--- START ---

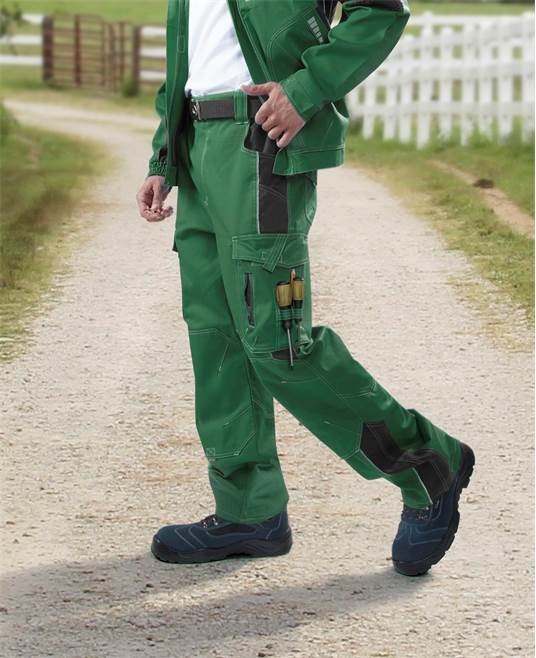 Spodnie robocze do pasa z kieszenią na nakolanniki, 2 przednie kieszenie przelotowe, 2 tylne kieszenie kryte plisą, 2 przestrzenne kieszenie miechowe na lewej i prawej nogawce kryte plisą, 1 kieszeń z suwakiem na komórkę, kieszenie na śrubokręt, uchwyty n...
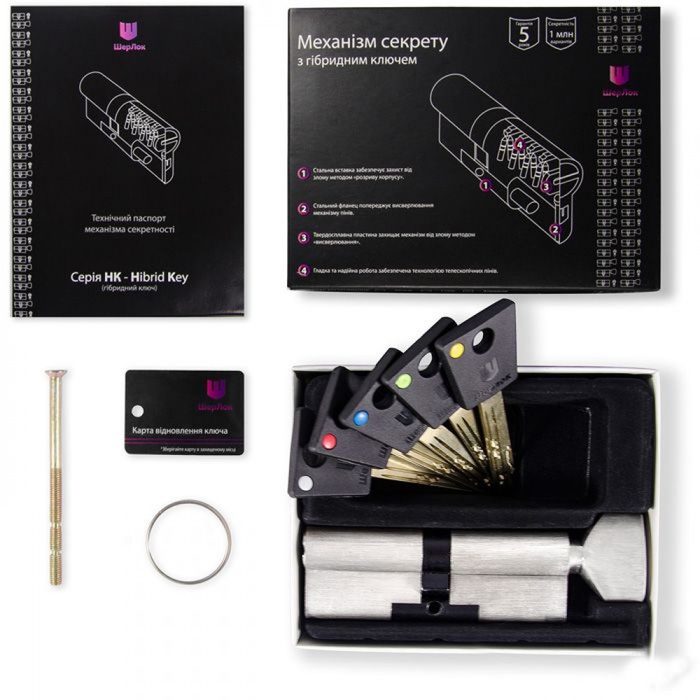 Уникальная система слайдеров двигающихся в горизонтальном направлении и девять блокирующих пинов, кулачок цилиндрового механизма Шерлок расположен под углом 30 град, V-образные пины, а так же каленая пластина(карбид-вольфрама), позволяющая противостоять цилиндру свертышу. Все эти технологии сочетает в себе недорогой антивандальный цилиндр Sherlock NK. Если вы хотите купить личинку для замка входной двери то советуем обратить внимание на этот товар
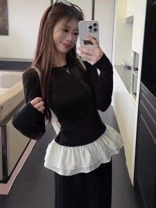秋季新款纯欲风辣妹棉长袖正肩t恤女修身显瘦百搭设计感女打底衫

--- END ---
--- START ---

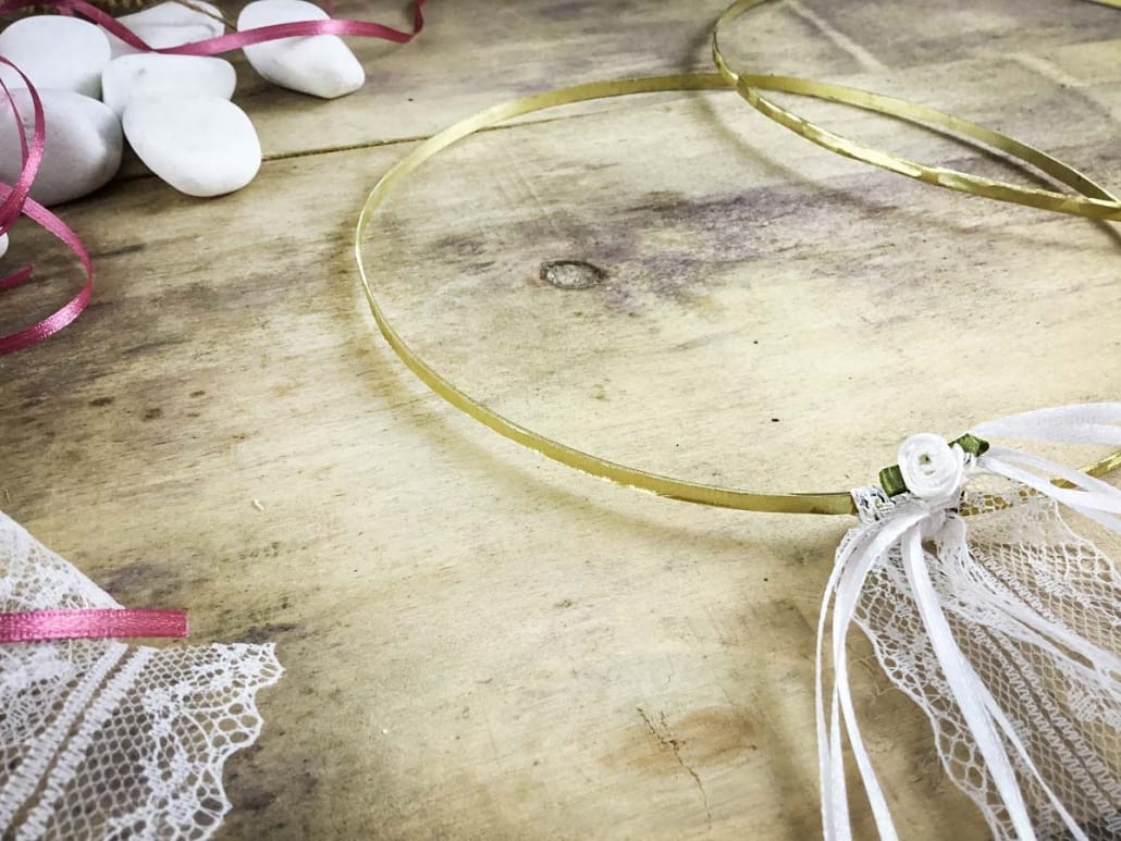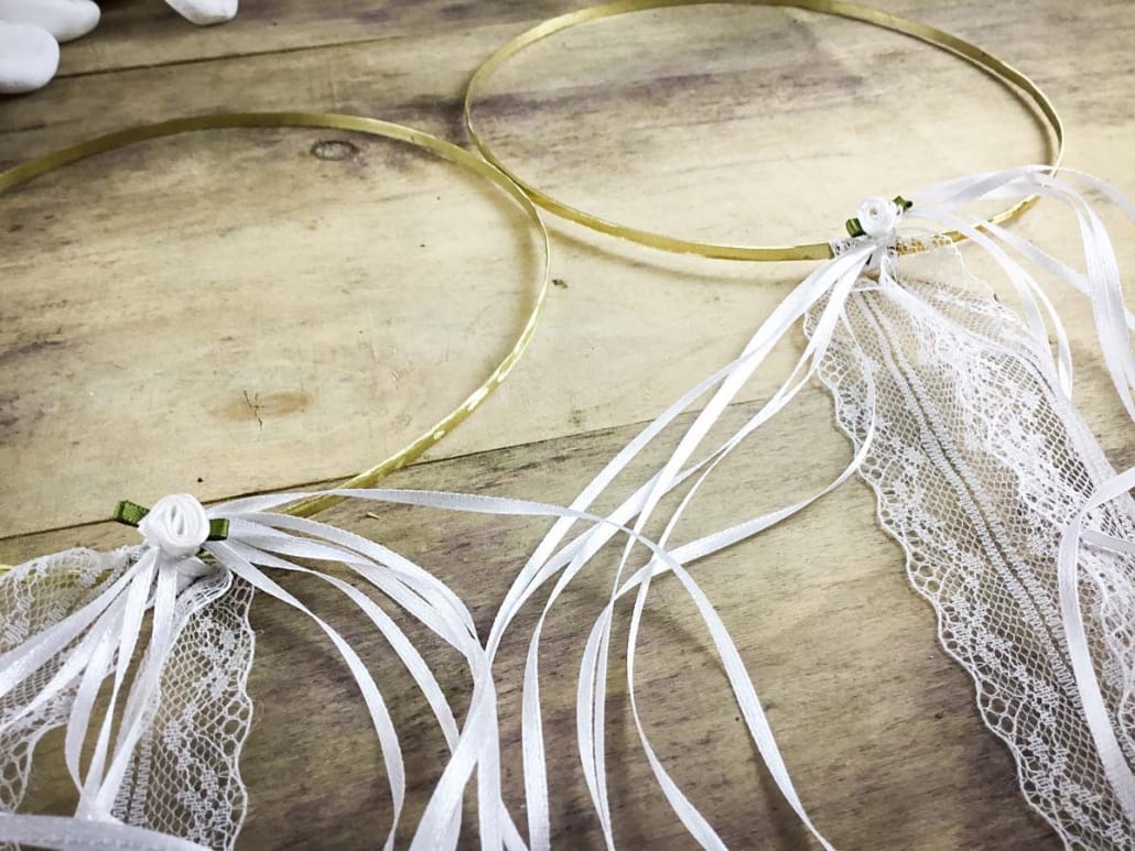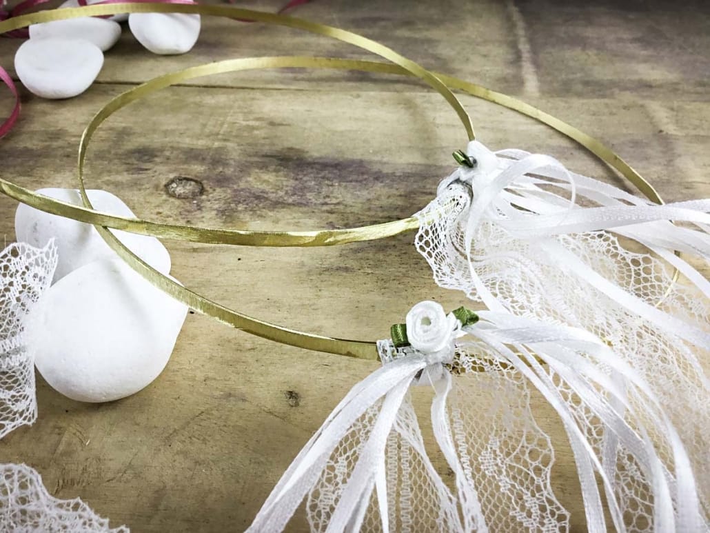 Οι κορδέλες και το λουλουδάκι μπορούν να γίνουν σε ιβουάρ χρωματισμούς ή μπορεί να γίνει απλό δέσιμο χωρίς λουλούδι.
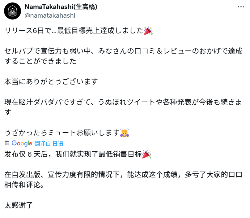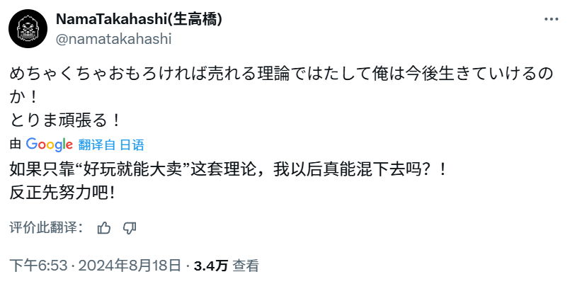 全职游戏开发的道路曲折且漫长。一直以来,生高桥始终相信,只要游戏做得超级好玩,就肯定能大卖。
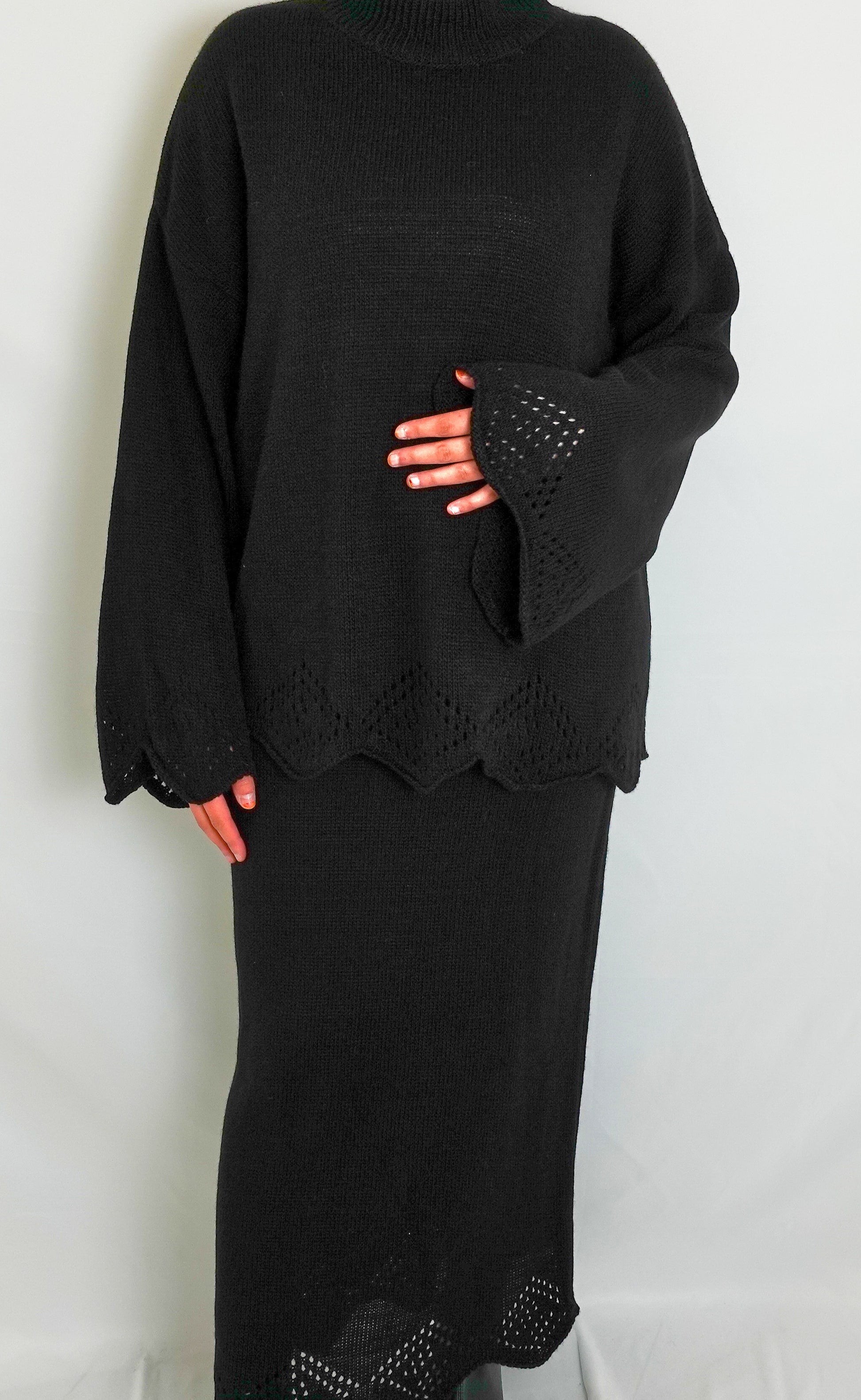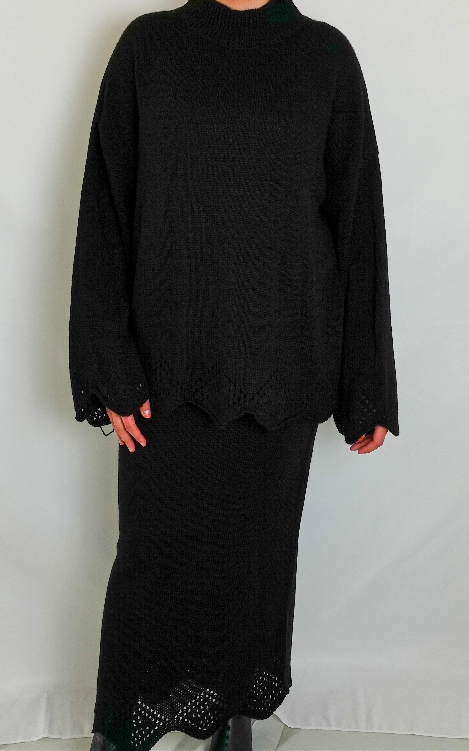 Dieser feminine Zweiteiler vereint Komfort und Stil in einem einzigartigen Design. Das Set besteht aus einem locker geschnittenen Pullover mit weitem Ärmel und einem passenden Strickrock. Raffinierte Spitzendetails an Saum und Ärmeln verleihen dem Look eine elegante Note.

--- END ---
--- START ---

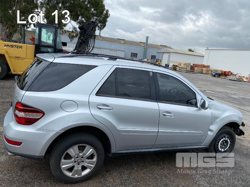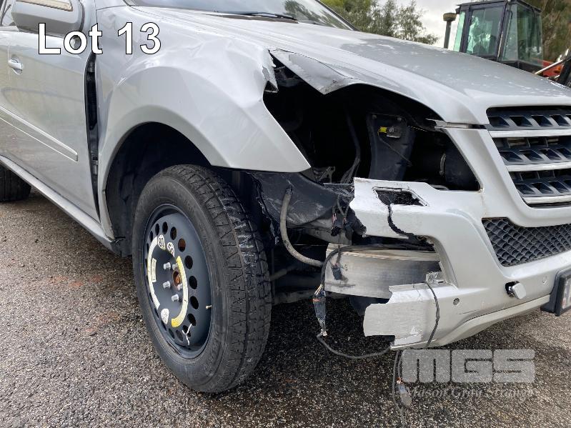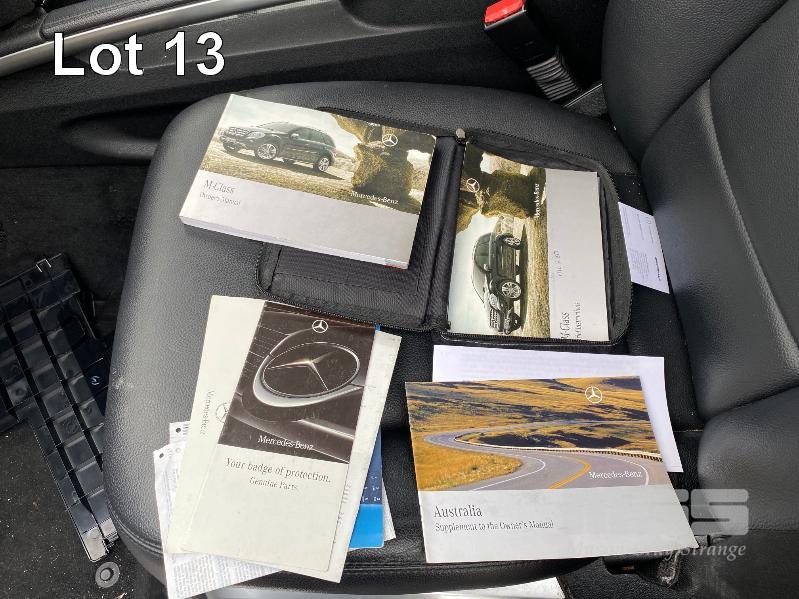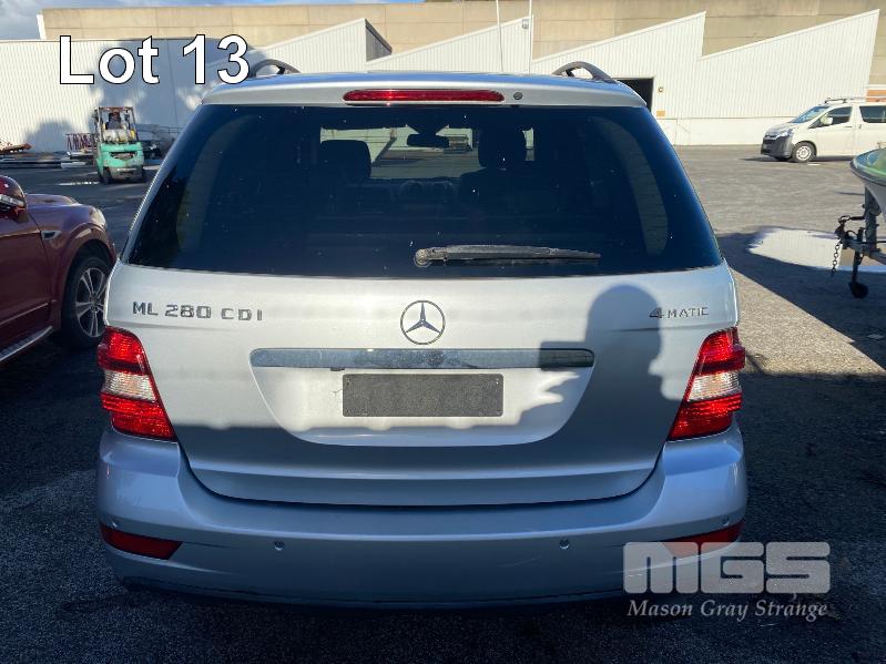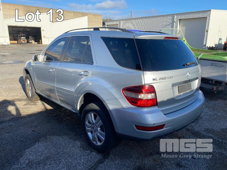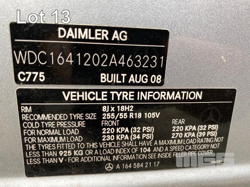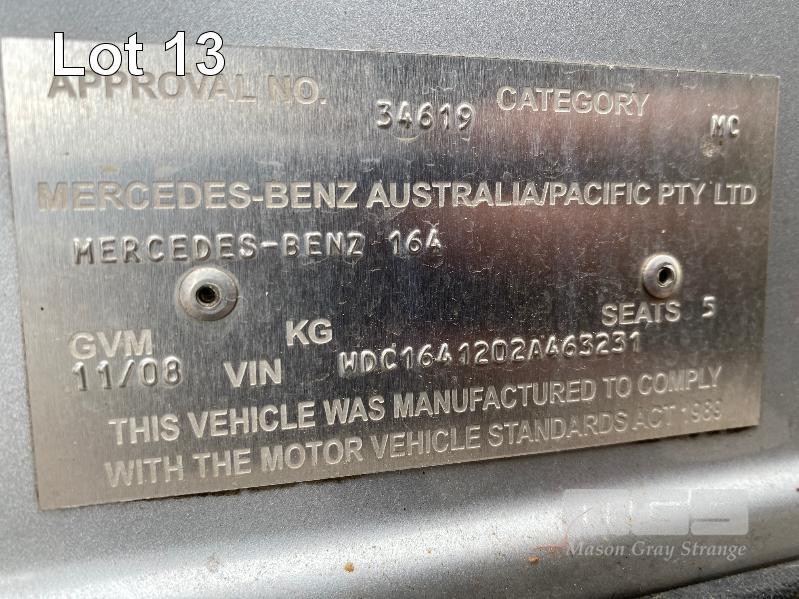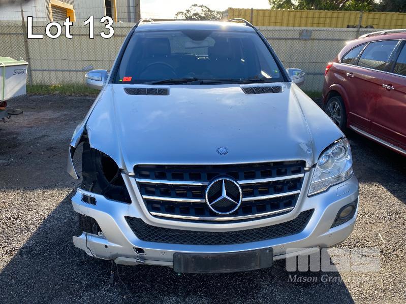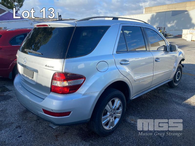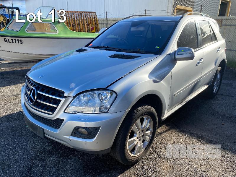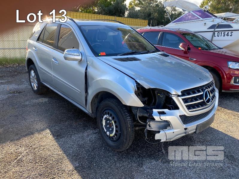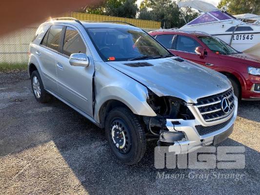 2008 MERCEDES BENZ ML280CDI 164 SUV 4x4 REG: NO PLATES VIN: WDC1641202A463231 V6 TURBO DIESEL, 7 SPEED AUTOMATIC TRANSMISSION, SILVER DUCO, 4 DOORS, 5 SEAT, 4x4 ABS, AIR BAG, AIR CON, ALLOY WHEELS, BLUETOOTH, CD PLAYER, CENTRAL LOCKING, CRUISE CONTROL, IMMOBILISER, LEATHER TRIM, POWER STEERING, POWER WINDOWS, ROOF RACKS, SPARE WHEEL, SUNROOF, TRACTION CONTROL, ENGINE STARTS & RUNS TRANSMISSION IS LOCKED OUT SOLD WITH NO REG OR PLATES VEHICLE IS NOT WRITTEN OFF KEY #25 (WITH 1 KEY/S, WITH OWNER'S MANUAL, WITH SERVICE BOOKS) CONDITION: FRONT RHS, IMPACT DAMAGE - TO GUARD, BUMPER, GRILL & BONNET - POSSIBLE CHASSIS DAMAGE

--- END ---

▸ Work instructions:
Copy word for word the span of the records above that begins at the line with "Οι κορδέλες και" and ends at the line with "全职游戏开发的道路曲折且漫长", including those two lines but not the pictures.

▸ Solution to this task:
 Οι κορδέλες και το λουλουδάκι μπορούν να γίνουν σε ιβουάρ χρωματισμούς ή μπορεί να γίνει απλό δέσιμο χωρίς λουλούδι.
 全职游戏开发的道路曲折且漫长。一直以来,生高桥始终相信,只要游戏做得超级好玩,就肯定能大卖。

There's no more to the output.